Ao pretender transformar a metafísica em ciência, que achava ser possível aos moldes da
Física e da Matemática de sua época, Kant parece ter cometido um erro ao se apropriar dos
conceitos físicos newtonianos de espaço e tempo absolutos e transformá-los em estruturas da
sensibilidade do sujeito “conhecedor”.

No começo do séc. XX, dois filósofos e físicos, muito próximos a Einstein, já tomaram
parte desta discussão: Moritz Schlick (1882-1936) e Hans Reichenbach (1891-1953).
Teorias são livres invenções do pensamento, são livres construtos, mas devem se adaptar à
realidade à medida que nossa capacidade de experimentação for derrocando aquilo que era
tido como verdadeiro. A comprovação em 1919 da Teoria da Relatividade de Einstein e
inúmeras observações científicas comprobatórias póstumas, vêm trazer sérios problemas à
doutrina kantiana, trincando o alicerce da Estética Transcendental, primeiro mudando o
conceito de tempo para relativo e, depois, provando empiricamente que o espaço e o tempo,
ou melhor dizendo, o espaço-tempo é afetado pelo efeito gravitacional dos corpos massivos e,
portanto, entes externos ao sujeito.

O que diria Kant ao se deparar com a curvatura matricial do espaço-tempo? Poderia


continuar afirmando que são intuições a priori, agora curvadas pela energia gravitacional de
um corpo massivo externo ao sujeito? Se assim insistíssemos, estaríamos a incorrer no risco
de afirmar que a gravidade é a característica dos corpos massivos (Terra, Lua, planetas) em
poder curvar a intuição a priori do sujeito kantiano! E o que dizer da comprovação de 1962,
de que o tempo relativo corre mais lentamente quanto mais próximo ao centro da terra?

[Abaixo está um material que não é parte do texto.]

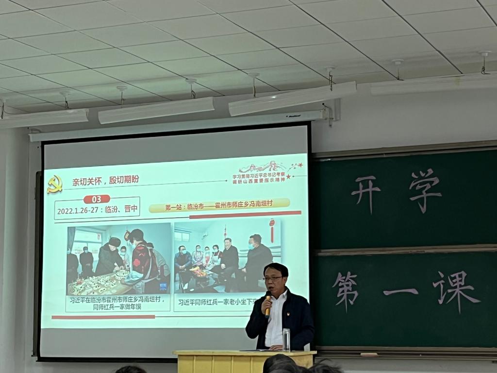 “重建住房质量好不好、年货置办齐了没有、还有什么困难,家庭收入多少、生活怎么样……温暖瞬间,殷切嘱托,无不彰显着习近平总书记情系人民、深爱人民、扎根人民的领袖风范。”赵随民深情回顾了习近平总书记考察调研山西的那些暖心画面、话语,结合自己的思考和个人的亲身经历给同学们上了一堂生动的“开学第一课”。

Outra questão que poderia ainda ser levantada é: o efeito gravitacional dos corpos sobre o
espaço-tempo não existiria no universo antes da existência do sujeito e sua “estrutura pura de
sensibilidade”?

Antes de 1915, o espaço e o tempo eram considerados como um palco fixo e imutável,
hoje, com a teoria geral da relatividade, espaço-tempo são quantidades dinâmicas, afetando a
forma como os corpos se movem e as forças atuam e, portanto, algo real e externo ao sujeito.
(Hawking, 1988)

Einstein é um realista e acredita na existência do mundo externo independentemente do


observador e afirmou que filosofias, como a de Kant, poderiam representar um perigo ao
avanço da ciência, ao retirar conceitos do campo empírico (como o espaço e o tempo) e
transformá-los em conceitos necessários, e registrou:

“Esta hipostatização de conceitos não é necessariamente desvantajosa


para a Ciência, mas pelo esquecimento da origem dos mesmos cria-se
facilmente a ilusão que eles devem ser vistos como necessários e, com isto,
imutáveis, o que pode vir a representar um sério perigo para o progresso da
Ciência.” (Einstein, apud Dahmem, 2006)
No domínio das ciências naturais, a investigação científica se vale da observação empírica
e experimental para compreender os fenômenos a partir do estudo de suas causas e efeitos.

Assim, 1919 parece ter abalado os alicerces da doutrina do conhecimento sensível e suas
formas a priori - a Estética Transcendental - e lançar nuvens de desconfiança sobre as demais
teorias kantianas, e talvez não fosse temerário dizer, também sobre a forma moral da
“essência do imperativo categórico” – deves porque deves - de mesmas bases proféticas.

Mas 1919 quem sabe tenha feito ainda mais pela filosofia, ao expor que os filósofos
também podem se comportar como simples devotos ao seguir e idolatrar um pregador
metafísico, e que talvez... talvez, seguimentos da filosofia aparentemente com retóricas bem
estruturadas, nada mais signifiquem que uma seita.